ABOUT THIS TASK. Before you return the lines below, strip out any images and keep every word as written.

SOURCE DATA.
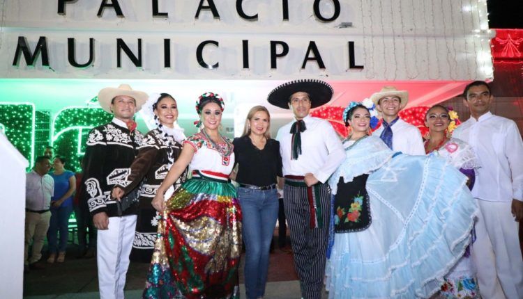 Playa del Carmen.- Como parte de las celebraciones del mes patrio, la presidenta Lili Campos realizó el tradicional encendido de luces iluminando el palacio municipal, la plaza cívica 28 de Julio, el Portal Maya, dos parques, así como adornos sobre 10 de las principales vialidades de la ciudad.
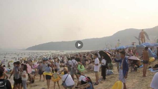 实拍深圳大梅沙游客爆满人多如下饺子视频
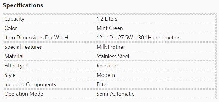 - مع صانع رغوة الحليب: ملحق بار القهوة مع نفاثة بخار دوارة لرغوة الحليب للكابتشينو أو اللاتيه. مثالية لتحضير القهوة المطحونة أو الموكا أو الكابتشينو في المنزل أو في المكتب

TASK OUTPUT.
 Playa del Carmen.- Como parte de las celebraciones del mes patrio, la presidenta Lili Campos realizó el tradicional encendido de luces iluminando el palacio municipal, la plaza cívica 28 de Julio, el Portal Maya, dos parques, así como adornos sobre 10 de las principales vialidades de la ciudad.
 实拍深圳大梅沙游客爆满人多如下饺子视频
 - مع صانع رغوة الحليب: ملحق بار القهوة مع نفاثة بخار دوارة لرغوة الحليب للكابتشينو أو اللاتيه. مثالية لتحضير القهوة المطحونة أو الموكا أو الكابتشينو في المنزل أو في المكتب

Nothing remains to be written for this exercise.